Workshop
Bausteine
Auf den folgenden Seiten werden die Bausteine beschrieben, da ich nicht nach jeden Spiel bzw. Baustein Methoden zur Auswertung vorgestellt habe sind diese im Folgenden kurz vorgestellt.
Diese Methoden sollten in der jeweiligen Situation modifiziert werden. Die Anwendung soll den Teilnehmer ein Gefühl für den Einsatz dieser Methoden geben.
Das Ampelfeedback kann sowohl mündlich als auch schriftlich erfolgen. Benötigt werden dazu rote, gelbe und grüne Pinnwandkarten. In der mündlichen Form steht zuerst die Ampel auf Rot, signalisiert durch die rote Karte. Hier rufen die Teilnehmer, unter dem Motto „Weiterfahren verboten", die Dinge zu die ihnen nicht gefallen haben oder wo noch Klärungsbedarf besteht. Dann schaltet die Ampel auf Gelb „Achtung", hier äußern sich die Teilnehmer zu den Themen, die sie noch vertieft wissen möchten oder was verbessert werden sollte. Im Anschluss daran wird auf grün geschaltet, unter der Losung „Freie Fahrt voraus!", wo das zur Sprache gebracht wird, was den Teilnehmern gefallen hat.
Zeitaufwendiger aber auch für den Spielleiter nachvollziehbarer ist die schriftliche Variante. Dafür sollte eine Metawand mit den farbigen Karten und der Losung vorbereitet werden. In Kleingruppenarbeit können die Pinnwandkarten beschriftet und von den Teilnehmern vorgestellt werden. Diese ordnen sie dann der jeweiligen Kategorie zu. In beiden Varianten kann der Trainer nachfragen und Erläuterungen geben.

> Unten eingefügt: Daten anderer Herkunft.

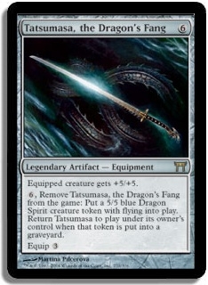 [6], Remove Tatsumasa the Dragon Fang from the game: Put a 5/5 blue dragon spirit token with flying into play. Return Tatsumasa the Dragon Fang to play under its owner's countrol when that token is put into a graveyard.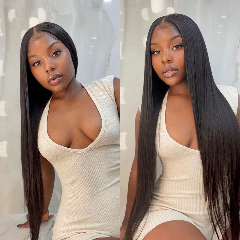 Peluca recta con cierre de encaje 4x4 Peluca de encaje de cabello humano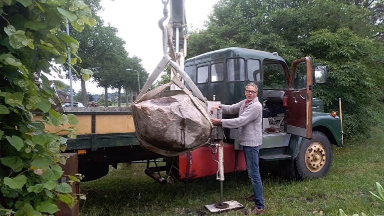 De gedenksteen wordt naar de steenhouwer gebracht (foto: RTV Drenthe)

Eine weitere Methode ist die Zielskala, diese hat einen doppelten Nutzen da hier nicht nur Feedback gegeben, sondern auch der Transfer bewusst gehalten wird. Dazu braucht man eine Metawand, auf der eine Zielskala vorbereitet ist. Die Teilnehmer definieren am Anfang des Workshops jeweils ein oder zwei Ziele. Diese werden auf Pinnwandkarten gut sichtbar notiert und neben die Zielskala gepinnt. Mittels runder Metaplankarten die individuell geschnitten und mit Initialen versehen werden, visualisieren die Teilnehmer regelmäßig im Workshop ihren Zielerreichungsgrad. Somit hat der Spielleiter immer einen Überblick über den Stand der Zielerreichung und kann bei Bedarf diese auch zum Thema machen. In größeren Abständen beziehen dann die Teilnehmer zu den Karten Stellung. Sie schildern dann was zielfördernd bzw. was zielverhindernd gewirkt und was ihnen gefehlt hat. Somit erhalten die Teilnehmer neue Impulse wie sie den Workshop für sich nutzen können und der Spielleiter kann individuell den Workshop anpassen.
Eine Variation des Blitzlichts ist der „Heiße Stuhl“. Dabei nimmt der Spieleiter auf einen Stuhl platz und die Teilnehmer treten nacheinander vor ihn hin und geben ihr Feedback. Eine sinnvolle Hilfestellung ist dabei ein vorbereitetes Flipchart mit Denkansätzen.
Eine Gefahr bei allen Methoden ist das die Teilnehmer die Feedbackregeln nicht kennen, bei Bedarf sollten diese kurz dargestellt werden.
Im Folgenden werden die Reflexionsmethoden nach jeden Baustein nicht weiter erläutert, da wie schon oben erwähnt, die Reflexionsphase stark vom Spielverlauf abhängig ist. Somit muss der Spielleiter angemessen reagieren.
Mit beenden der Reflexionsphase, entlässt der Brückenbaumeister seine Brückenbauer in eine Pause von circa 15 Minuten.